How to deal with damage to your sewer line


A backup sewer line is enough to make most homeowners hope they never see sewage again according to Αποφράξεις Αντωνίου. Between the awful smells, disgusting waste and water damage, a backed up sewer line is one of the worst plumbing emergencies.

So if you’re dealing with sewer lines that repeatedly back up, it’s safe to assume you’re pretty frustrated. Sewer lines that build up often require frequent plumbing services, making your problem costly and extremely offensive.

Sometimes it can be something you do, while other times it can be something like tree roots causing the same problem to reoccur.

Damage to your sewer line

All it takes is a hole or crack in the sewer line to cause constant backup. Damage to a sewer line is the second most popular cause of frequent backups after clogs. If your drain line is cracked or has a hole, then rocks and dirt can easily get into the actual line. This causes a clog that gets harder and harder until the sewage has nowhere to go but back up into your home.

A quick snake can clear the dirt or rock, but if you don’t fix the drain line, it will fall back in until another blockage occurs. This is why it is so important to have diagnostic services performed by a plumbing service. A quick camera scope can determine if your drain line has damage that’s causing your clog so you can fix the problem and stop paying to have blockages removed.

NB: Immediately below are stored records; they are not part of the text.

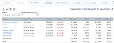 La tabla Rentabilidad por contrato le muestra los ingresos, costes, beneficios y rentabilidad por cada uno de los contratos de esta organización, lo que le permite ver no sólo lo rentable que es cada contrato, sino también la cantidad de ingresos que está realizando y los costes en los que está incurriendo por cada contrato. Para una descripción general de lo que se incluye, consulte Partidas de ingresos y costes incluidas a nivel de organización, contrato y proyecto.
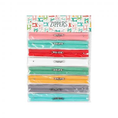My Happy Place Zippers are perfect for adding a cute finishing touch to yours bags, wallets, purses and project bags. With eight zippers in Lori Holt's signature colors to choose from, this pack of zippers has plenty of variety to match your vision. Includes eight different zippers with two zipper pulls each.
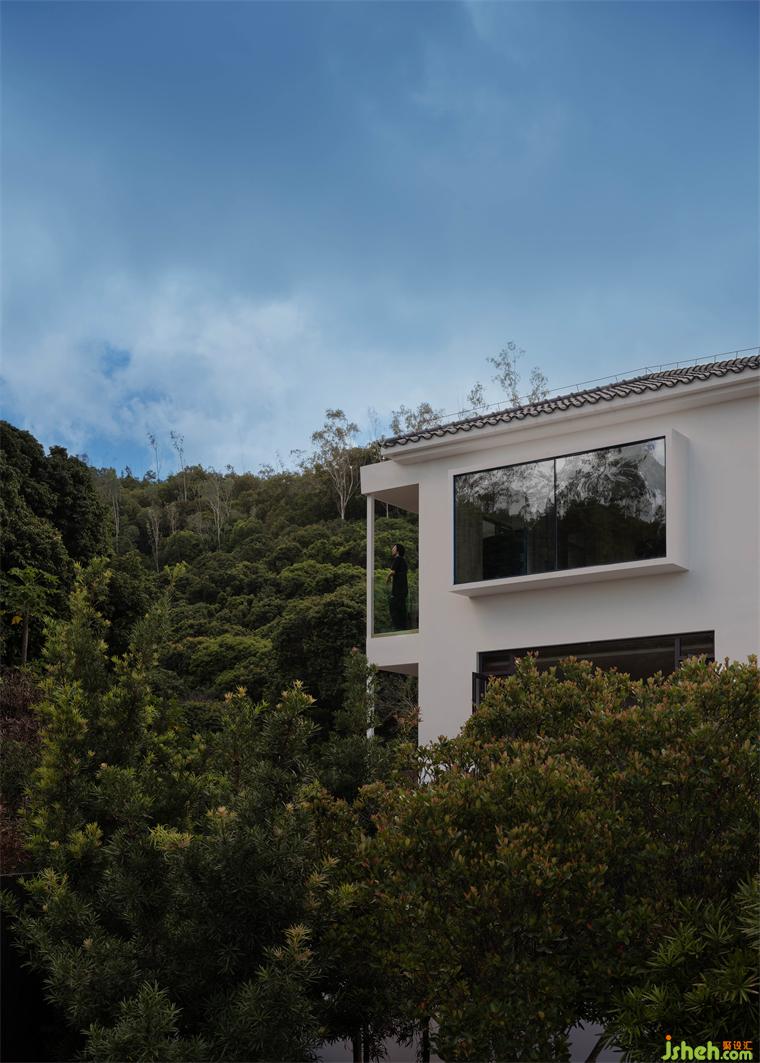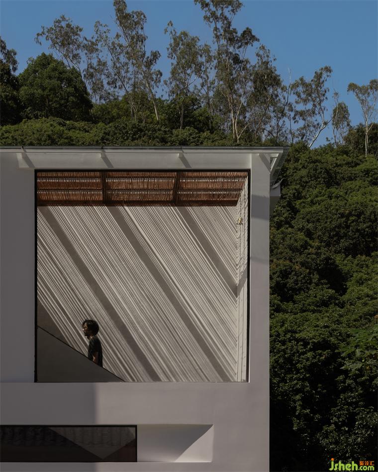入目滿是輕靈流動的綠意,為了避免打亂自然的調(diào)性,深圳民宿設(shè)計于是選用了傳統(tǒng)的白墻黛瓦,將林間居所低調(diào)融入。幾何線條描摹著理性思維,卻在嶺南山林的人文意境中變得感性起來。光影投射下的平行線,隨著林海搖曳在空間中沉浮,明暗交替著撥動琴弦,于平實(shí)中寓深情之致,空間的藝術(shù)維度于此間盡然豐裕。

Clogged clogs are the number one reason a sewer line backs up and also one of the number one reasons people end up calling a plumbing service. There are certain habits that can lead to clogging, and if you don’t stop the habit, you will experience more clogging again.

Things like flushable wipes, oil, hair, grease, and drain cleaner can actually cause clogs. Despite what the name might suggest on many flushable products, it’s usually bad news for your plumbing.

Most plumbing services will quickly tell you not to flush anything down the toilet except toilet paper. An experienced plumber might go so far as to tell you to only use rough toilet paper because the soft stuff is also terrible for your pipes.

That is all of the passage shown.